First of all, I have to mention what a beautiful book this is. It is full of gorgeous photographs, every turn of the page is beautiful and all the imagery fits in so well with the discussions in the book. I know pretty pictures aren’t the most important part of a book but they certainly do help add to your enjoyment while reading the book. I’m going to apologise in advance if you think I’ve gone a little overkill with the book pictures in this post – you’d have guessed anyone would want to take so many pictures of a book.
Other than being a beautiful reading experience, this is also a fascinating book to read and I would recommend it to anyone interested in ethical fashion. One of the main things I loved about this book is it focused on the positives. Rather than being another book talking about how terrible the fashion industry it looks at the great process of slow fashion designers, influencers and eco-concept stores. The book itself is a series of interviews and discussions with key influencers in the slow fashion industry. I was a little hesitant that this would make it difficult to read and affect the flow, however, this certainly wasn’t the case as the interviews were easy to read and the order of them was perfect. Each chapter focused one a group of influencers speaking to fashion influencers, designers, social entrepreneurs and eco-concept stores.

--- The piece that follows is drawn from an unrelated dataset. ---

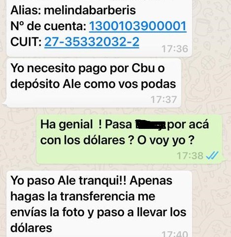 La vecina damnificada con la usurpación de su número de teléfono exhibió las capturas de los mensajes que los estafadores enviaban a sus contactos, con el objetivo de venderles dólares y lograr que les enviaran las transferencias para hacerse del dinero y concretar la maniobra fraudulenta.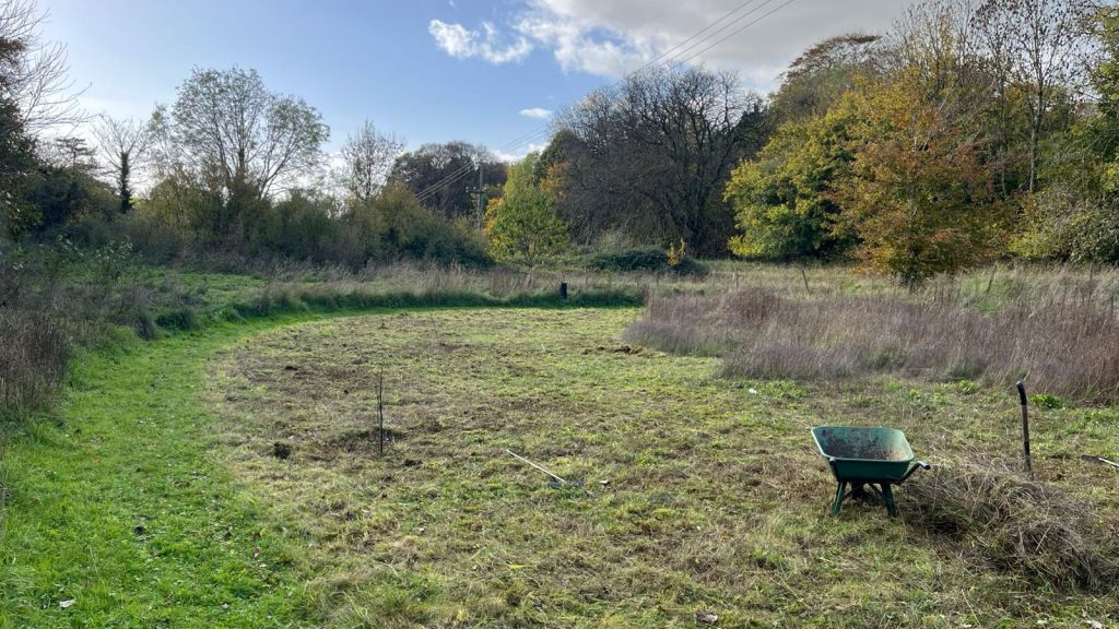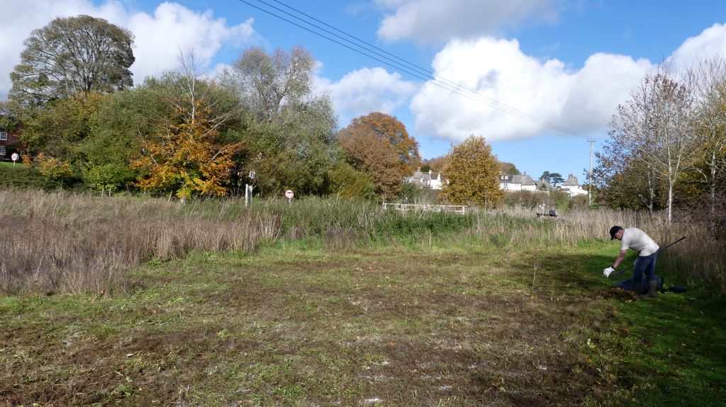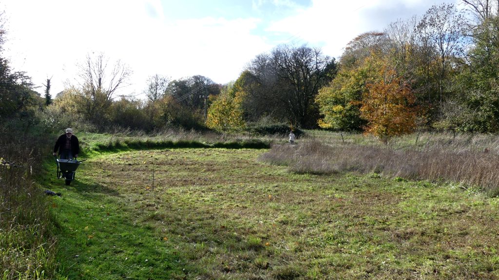 We had no idea what hard work it would be to follow on from the scything activity of 21st October. On the scything day, the cut dried vegetation had been raked up into rows across the portion of the wildflower zone that had been cut down. These arisings had been left for a week to allow small creatures to relocate to safer areas if they could.

Safia Minney spoke to a huge range of slow fashion influencers including industry leaders like Livia Firth, Zandra Rhodes, Lucy Siegle and Lily Cole. The book has also introduced me to several new designers, brands and stores (just need to arrange a few city breaks to visit them now) which I don’t think I would have discovered without the book. I was also excited to see the inclusion of a few fashion bloggers. Everyone included in the book has such an inspirational story and they all make you want to change how you shop for fashion. However this isn’t done in a judgemental way, the book shows that everyone understands that making the ethical choice isn’t always easy, especially if you are on a budget. But one of the key messages is to try to make the more ethical choice when you can – and that is all anyone can do really.
“Whenever I am given a choice, I try to make the right one” Lily Cole
If you are interested in reading Slow Fashion yourself (I highly recommend you do) if is available on Amazon or via the People Tree Website.
As I said earlier this book focuses on the positive side of slow fashion and how we can all start making more ethical decisions. However, you may want to learn more about the negative side of the fashion industry as this is a really important step in the decision to purchase ethical fashion. I highly recommend reading Lucy Siegle’s book To Die For: Is Fashion Wearing Out the World (available to buy here)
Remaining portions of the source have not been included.